And while periods of unemployment have never been fun, algorithmic job hunts hurt worse: Applicants often don’t hear back on jobs they’re perfect for. In fact, up to 20% of those openings are made up, according to Greenhouse, a job-finding platform, invented by companies trying to scare current employees into higher productivity or appear as if they are in growth mode.
New research from LinkedIn finds that it’s not just marketing that has a gloomy outlook, but all positions. While 54% of people plan on job hunting this year, 49% say the experience has gotten harder.

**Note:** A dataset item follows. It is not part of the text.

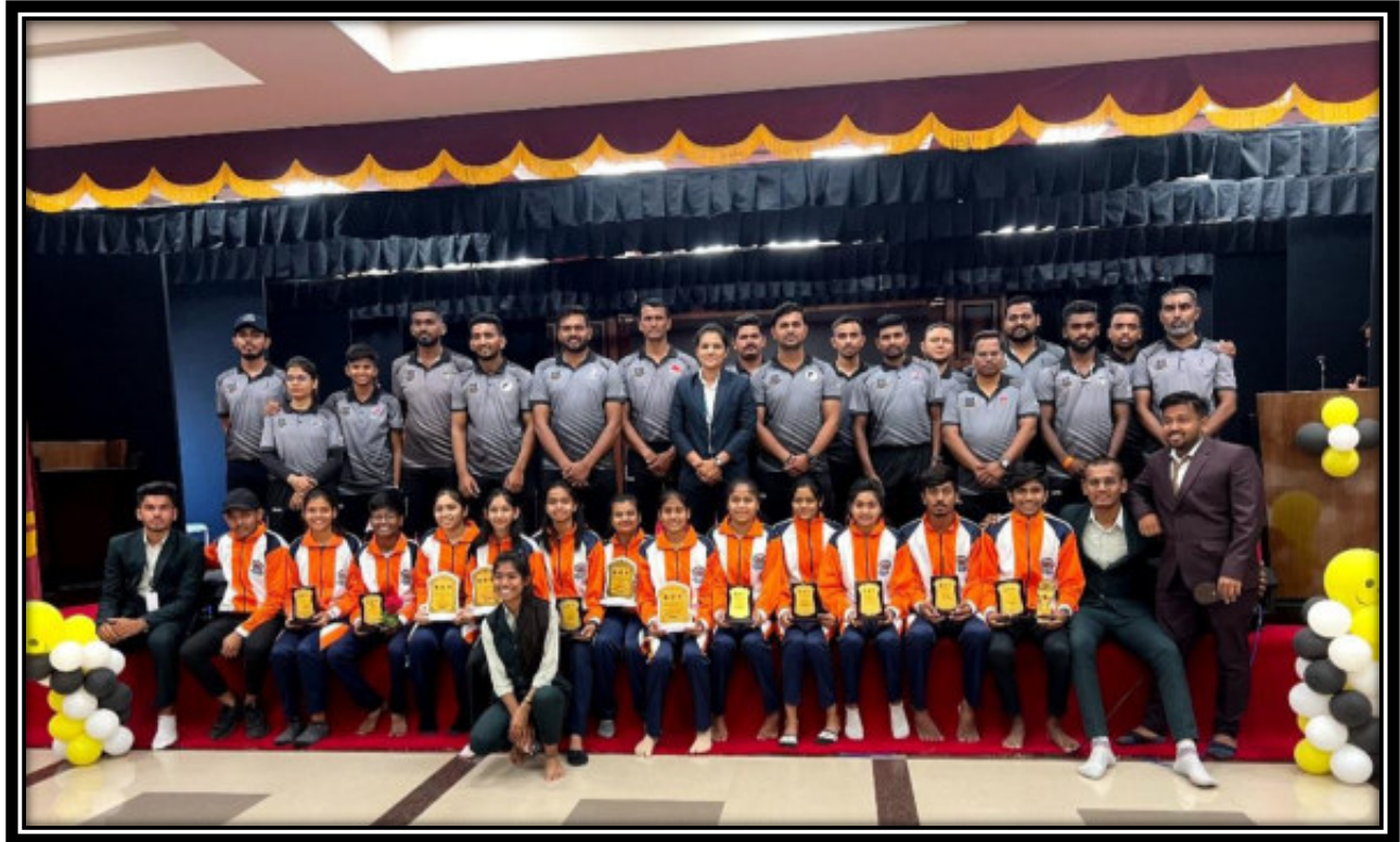
Winner Students in Annual Prize Distribution with Coaches.

LinkedIn reports that the number of applicants per open jobs jumped to 2.5 in 2024, up from 1.5 in 2022.
And 26% of those in the LinkedIn survey believe the job market in their field is so bad that they don’t even plan to look this year.
A large part of 2024’s job-hunting misery, says Chris Ross, a partner in Gartner’s CMO practice, stemmed from election and economic uncertainty, with companies scrutinizing headcount and delaying new hires.

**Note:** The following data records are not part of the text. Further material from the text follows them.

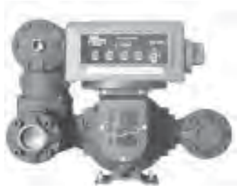
TS20A V __

With mechanical register, might include ticket printer, and/or 2-stg preset with valve & linkage.
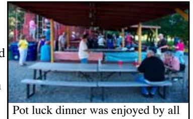
Pot luck dinner was enjoyed by all

It was great to see everybody out for our not-so-hot Hot August Nights event. Once we get past that, we are headed into Fall and all the great activities the change of season brings.
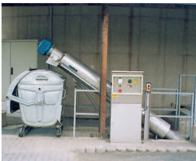
Outdoor installation of a ROTAMAT® Micro Strainer Ro 9
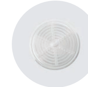
ANTİBAKTERİYEL FİLTRE ANTIBACTERIAL FILTER
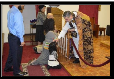
One is never too young to participate in the Life of the Holy Church

The 26<sup>th</sup> of February 2020 is Ash Wednesday , the beginning of Great Lent . Holy Mass preceded by the Blessing and Distribution of Ashes will take place at 7:00 pm.
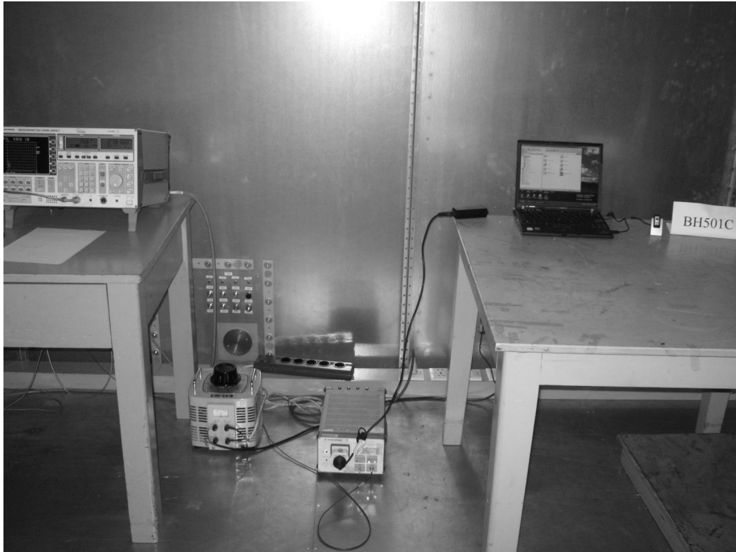
Photograph 1: Set-up for Conducted Emission
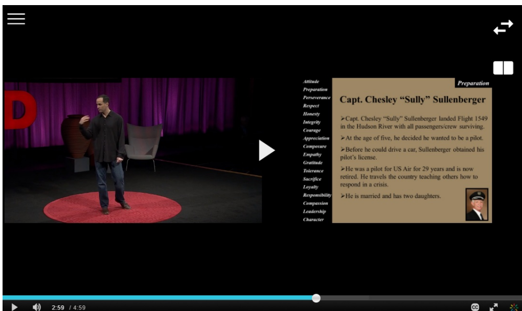
Side by Side

Then, uncertainty about the new administration set in, with questions about tariffs, corporate tax rates and the stock market.
“At the same time, there are also massive changes in marketing, with some predictions calling for a 50% drop in search volume,” he tells Marketing Daily. Will TikTok exist? How about the Post Office? “All that dramatically impacts the kind of people a marketing organization needs most.”
Another factor is that remote work and willingness to work freelance, or “fractionally,” has been a hiring game changer. “There are so many options to work with really great people that marketers can afford to take their time about full-time, permanent hires,” Ross adds.
It doesn’t help that all marketers are finding themselves less valuable in the corporate hierarchy. “Marketing budgets are under tremendous pressure, which means every part of the marketing department has to work harder to prove their value,” Ross says.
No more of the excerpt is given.